Related: Intriguing point about Rickon, Cheryl! I do hope we catch up with him soon, if only to see what he knows and how he and Osha are hiding.

I was pleased that they used proper commands for the archers; Nock – Draw – Loose. I have a vague recollection of Dany, when bombarding the slavers with the barrels full of slave collars, using the command “Fire” (which you wouldn’t, pre-gunpowder). Maybe it’s some dragonmother thing.

I, too, enjoyed seeing the giant shooting enormous arrows, and the watchers firing back with a ballista. It made me think of the Troll watchman Detritus in Discworld, who uses a siege ballista as a handheld weapon.

A quick aside: “Twat” isn’t that offensive in British English. Even the conservative Prime Minister Cameron recently said ” too many twits might make a twat”. It has sort of lost the genital meaning, and now mainly means “clumsy idiot”. Cf. “twatted” = extremely drunk. Or “twat him” = hit him really hard.

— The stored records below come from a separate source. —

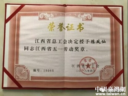 喜訊!鉛山臺資企業(yè)職工陳鳳仙獲得江西省五一勞動獎?wù)聵s譽稱號
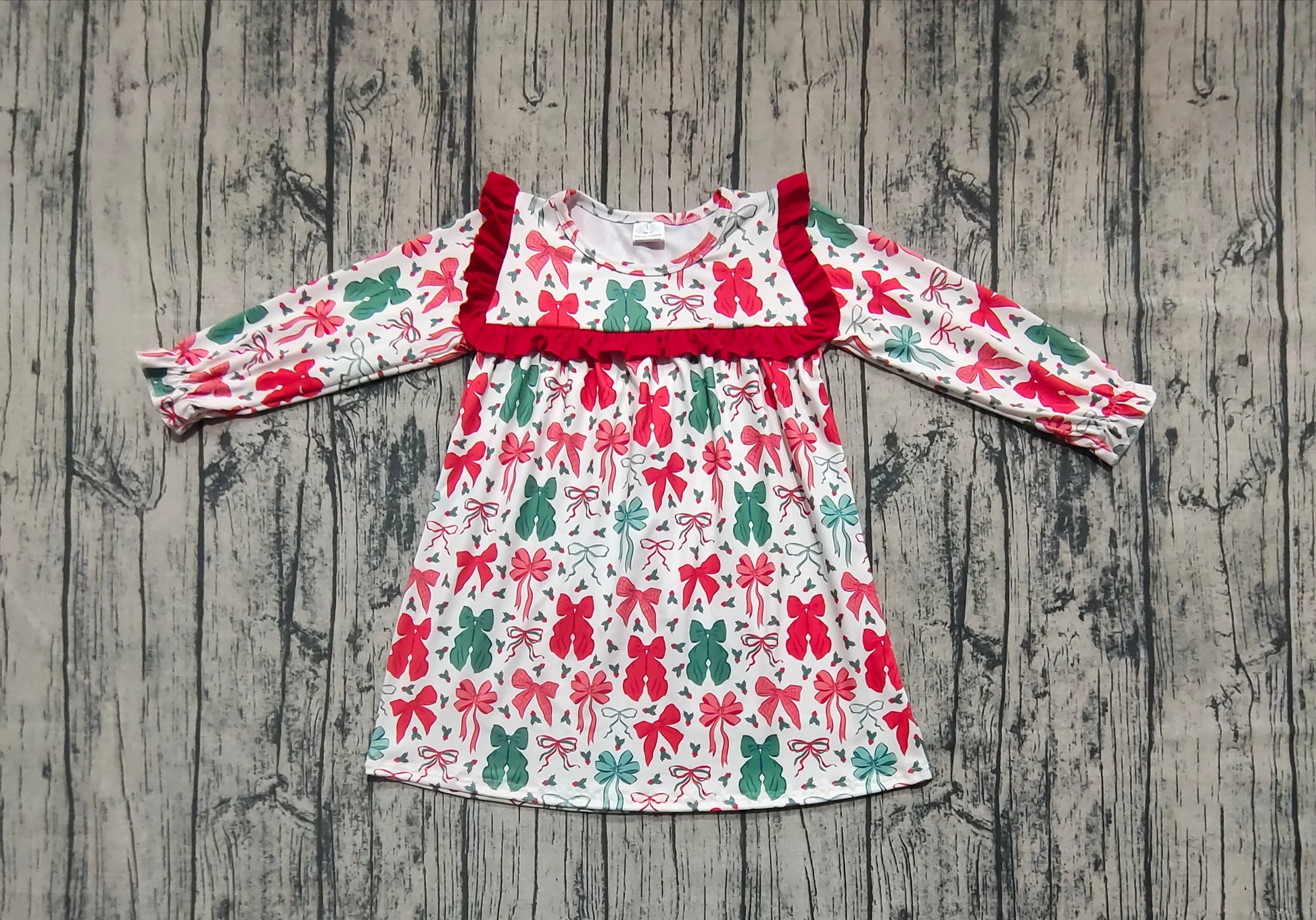 Baby Girls Christmas Red Green Bows Knee Length Dresses
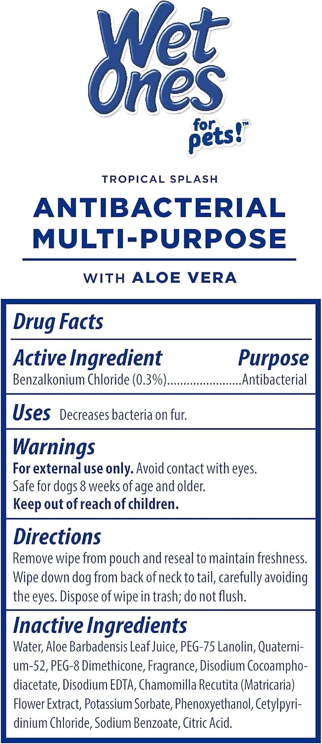 For the ones who bring their pups along, Wet Ones pairs the ideal bundle of hand wipes and pet wipes in one place! Designed with both you and your pet in mind for a quick, gentle, and healthy clean, Wet Ones and Wet Ones for Pets offer a convenient clean-up solution anytime, anywhere. This is a bulk listing that bundles Wet Ones Antibacterial Hand Wipes with Wet Ones for Pets Multi-Purpose Dog Wipes with Aloe Vera. Both sets of wipes feature Tropical Splash Scent. Each order includes 10 packages of hand wipes (20 wipes per package) and 3 cannisters of dog wipes (50 wipes per cannister). You will receive a total of 200 Wet Ones human wipes and 150 Wet Ones for Pets dog wipes. MORE INFO ABOUT HUMAN WIPES: Wet Ones Antibacterial hand wipes kill 99.99% of germs and make it easy to quickly wipe away dirt, messes and germs. Wet Ones Hand Wipes are pediatrician tested, hypoallergenic, and are paraben-free. Our Tropical Splash delights the senses with a pineapple scent leaving hands feeling clean and refreshed. Instructions: Rub on hands for 30 seconds and allow skin to dry without wiping. To dispense: Peel back front label slowly. Remove wipes. To reseal: Firmly run thumb over the label. To dispose place in wastebasket after use. Do not flush. MORE INFO ABOUT DOG WIPES: Wet Ones for Pets Multi-Purpose Dog Wipes with Aloe Vera are mild yet effective at cleaning away dirt and debris. In order to keep your dog's skin and coat healthy, nourished, and moisturized, these wipes for dogs from Wet Ones include soothing Aloe Vera for a feel-good clean everyone can enjoy. The light Tropical Splash scent left behind by these dog grooming wipes from Wet Ones for Pets will not only help combat dog odors but also leave your pet smelling their best. Safe for pets 8 weeks of age and older. Instructions: Remove wipe from cannister & reseal to maintain freshness. Wipe down dog from back of neck to tail, carefully avoiding the eyes. Dispose of wipe in trash; do not flush.
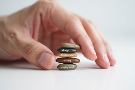 Hand holds stones. Research design development testing deployment. Business strategy concepts.
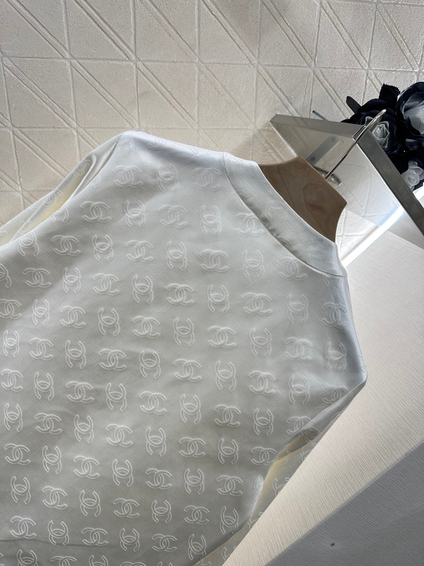 Custom YB silk cotton jacquard material offers a premium feel, smooth and comfortable, and a crisp, stylish look. The straight-shoulder, round-neck shirt jacket silhouette features an all-over double-C jacquard pattern, creating a simple yet stylish look while showcasing the brand's premium style. The front of the jacket features a button-down placket and symmetrical pockets. Rich in detail, the clean, flattering silhouette effortlessly exudes sophistication and elegance. Perfect for everyday wear.

My inner armchair strategist sneered with contempt as I saw the pitiful ramparts where Pyp (R.I.P) and Sam were stationed at the start of the battle. Why would you have firing positions large enough for a guy called “Giantsbane” to climb through? How about some masonry, spikes and narrow slits? That looked more like a romantic mock tudor balcony than anything else.

Did Sam just invent condoms? And sexual loopholes? He is really the GRRM Mary-Stu. Look, fat bearded celibate cowards CAN be heroes and get the ladies! Rejoice!

It would have been hilarious if there had been an uncomfortably long post-battle sauna scene, where the surviving Crows sponge the blood and grime off of each other, in slow motion, set to some Luther Vandross. For the ladies.

You won’t believe me, Karl, but I had the same thought about the bath! I thought that would be the inevitable result in GoT world. My image does not have Luther Vandross, but that detail is, um, interesting. And who says its only for the ladies?? Maybe for next year’s pre-season Vanity Fair cover, all the featured actors will be lolling in a steam bath. With Gilly applying various salves, and Maester Aemon applying … wait a minute, check that.

Yes, it does seem that Sam is a lover not a fighter.